Andrew McCabe Will Be Indicte ; In alarming report for corrupt FBI McCabe, former AG Matthew Whitaker said in an interview, he believes Andrew McCabe will soon be indicted on federal charges. He said his suggestion was based on report he had regarding the recent meet between McCabes’s lawyers with Justice Department officials.

Whitaker said in a Fox News interview that McCabe’s lawyers’ meeting with Deputy Attorney General Jeffrey Rosen which took place last week, appears to have been what’s known as a “DAG appeal.”

Whitaker said “sophisticated defense lawyers” ask for the meetings “to lay out your case as to why your client shouldn’t be charged.”

“I have not seen a DAG appeal be successful.

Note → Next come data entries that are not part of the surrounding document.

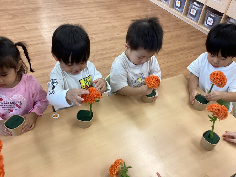 「いい匂いするねー」「かわいいねー」などお話を楽しみながら取り組んでいましたよ٩(๑❛ᴗ❛๑)۶
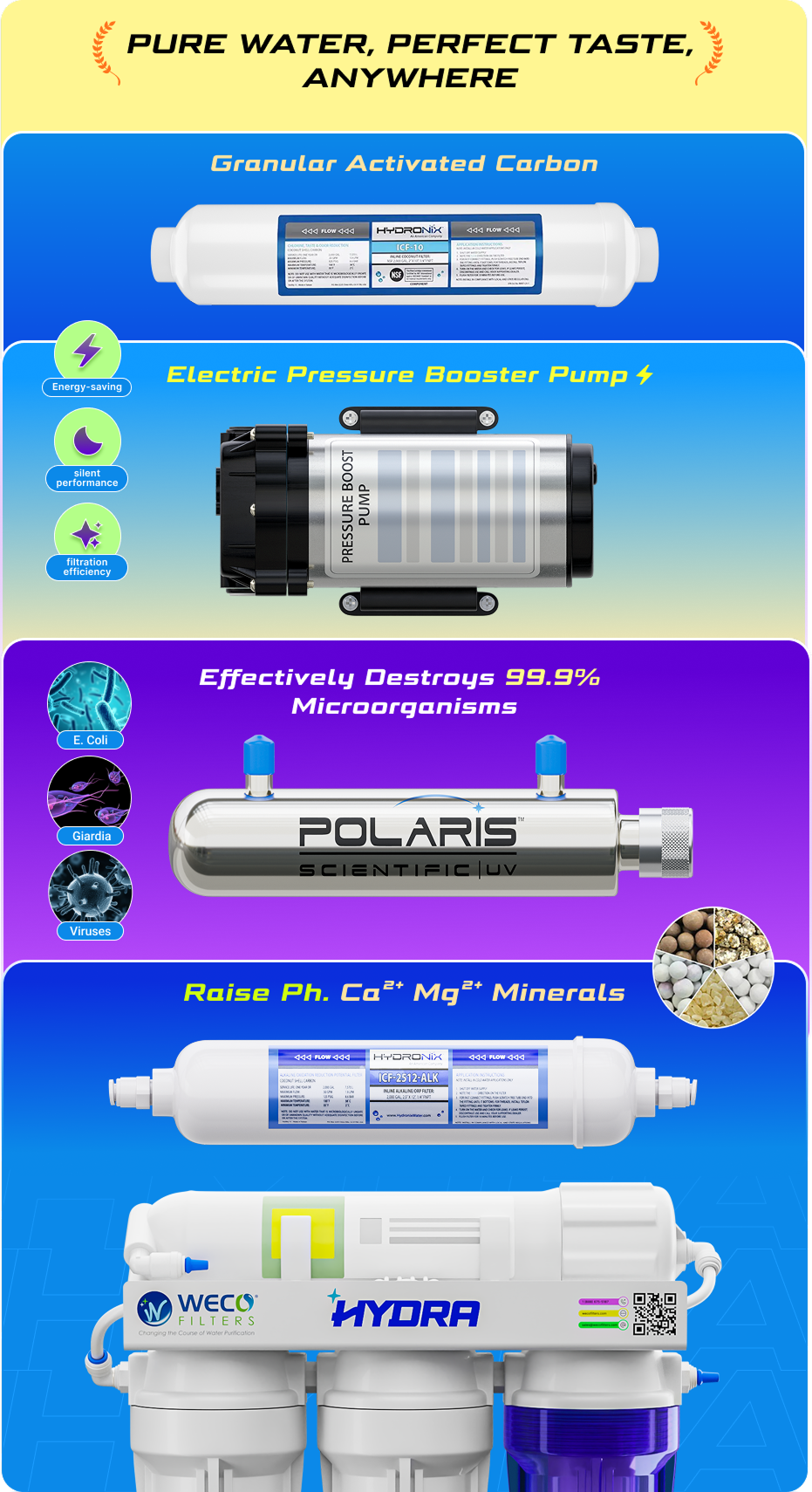 The WECO Hydra reverse osmosis system delivers clean, fresh-tasting water for homes, offices, gyms, juice bars, and coffee shops. It uses multiple filtration stages:
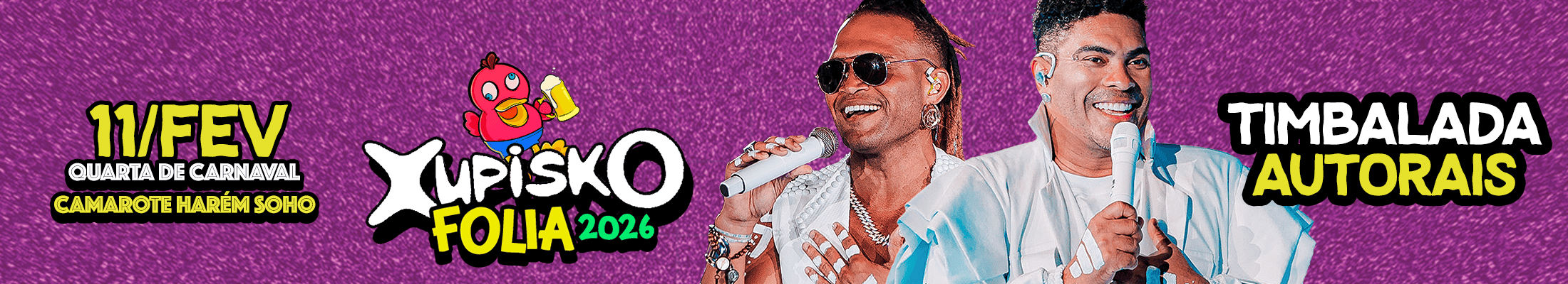 A festa continua no Camarote Harém, onde o Xupisko vira baile indoor com shows de Timbalada e Autorais, garantindo uma noite intensa, animada e inesquecível.
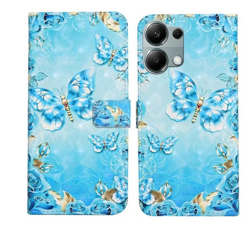 Funda de Cuero con Dibujo 3D En Relieve de Aceite para Redmi Note 13 Pro 4G (Mariposas Azules)
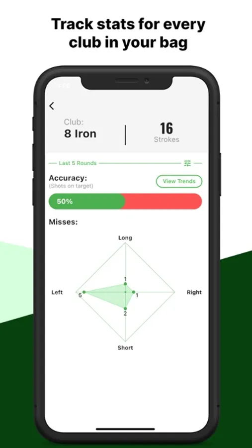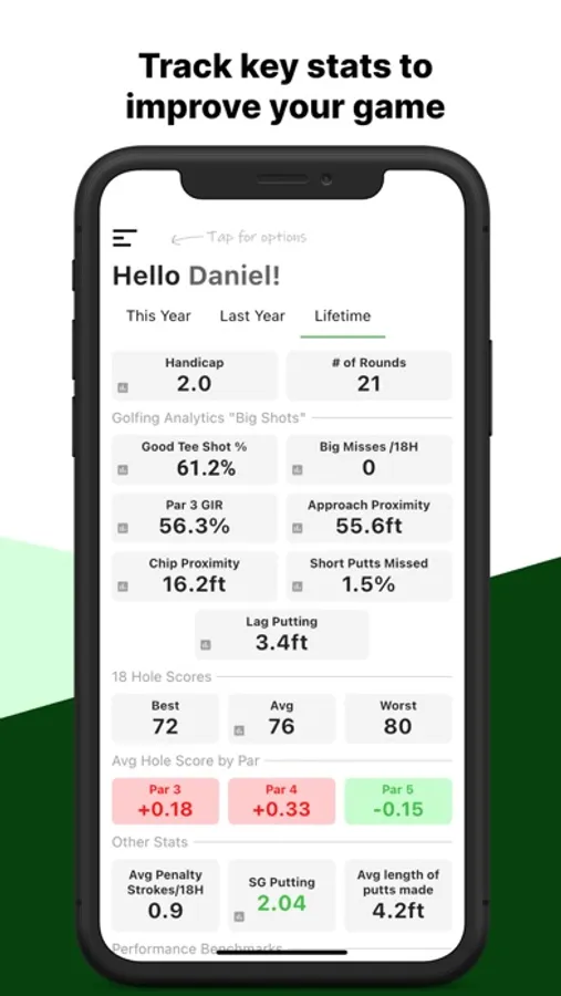 · Benchmarks key stats against various handicap levels highlight strengths/weaknesses relative to players of similar abilities.
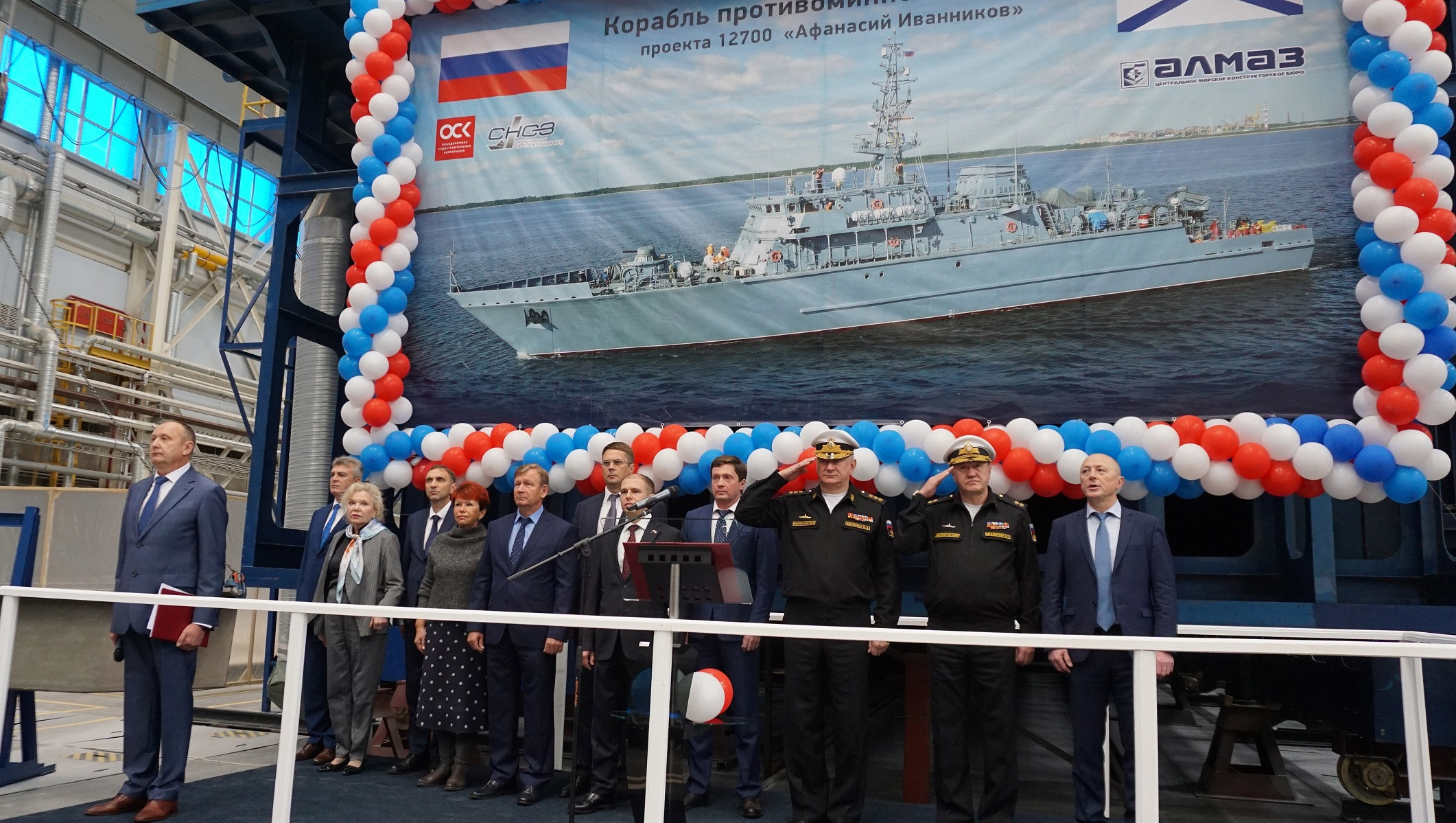 В праздничном мероприятии принял участие главнокомандующий ВМФ РФ адмирал Николай Евменов, генеральный директор АО «СНСЗ» Владимир Середохо, первый заместитель генерального директора АО «ОСК» Андрей Бузинов, председатель Комитета по промышленной политике, инновациям и торговле Санкт-Петербурга Кирилл Соловейчик, депутат Государственной Думы РФ Михаил Романов, депутат Законодательного Собрания Санкт-Петербурга Елена Киселева, глава администрации Колпинского района Анатолий Повелий, главный инженер Центрального морского конструкторского бюро «Алмаз» Константин Голубев, а также работники и ветераны АО «СНСЗ».

I have seen them many times, again, with sophisticated defense lawyers, but this is usually when somebody is imminently going to be charged, they try to get to the deputy attorney general and plead their case,” said Whitaker, who was a U.S. attorney and chief of staff to Attorney General Jeff Sessions.

McCabe, who recently signed on with CNN as a contributing analyst, was fired by then-Attorney General Jeff Sessions on March 16, 2018, two days before his scheduled retirement. Sessions said that his decision was based on the inspector general’s report.

In a lawsuit filed last month against the Justice Department and the FBI, however, McCabe claims that his termination was politically motivated and the result of pressure applied by the president because of McCabe’s role in overseeing Operation Crossfire Hurricane, the FBI’s investigation into possible links between Trump campaign officials and Russian officials who attempted to interfere with the 2016 presidential election.

What Happened and When

So what is this all about? The inspector general’s report provides a detailed timeline of events.

In 2016, in the run-up to the hotly contested presidential election, the FBI was conducting two separate investigations that potentially implicated Hillary Clinton, stemming from her tenure as secretary of state—one involving her alleged misuse of a private email server to receive, store, and transmit classified information (Operation Midyear Exam) and the other involving an alleged pay-to-play scandal involving the Clinton Foundation.

McCabe played a significant role in overseeing both investigations.

On July 5, 2016, Comey publicly announced that the FBI was going to recommend against filing charges against Clinton for her misuse of a personal server. (Comey’s conduct related to Operation Midyear Exam was also the subject of a harsh report issued by the inspector general’s office in June 2018.)

Two days later, before the House Oversight and Government Reform Committee, Comey declined to confirm or deny whether the FBI was investigating the Clinton Foundation. He did the same before the House Judiciary Committee on Sept. 28.

Between Comey’s congressional appearances, McCabe received a telephone call on Aug. 12 from the principal associate deputy attorney general, reputed to be Matthew Axelrod, who reported to then-Deputy Attorney General Sally Yates.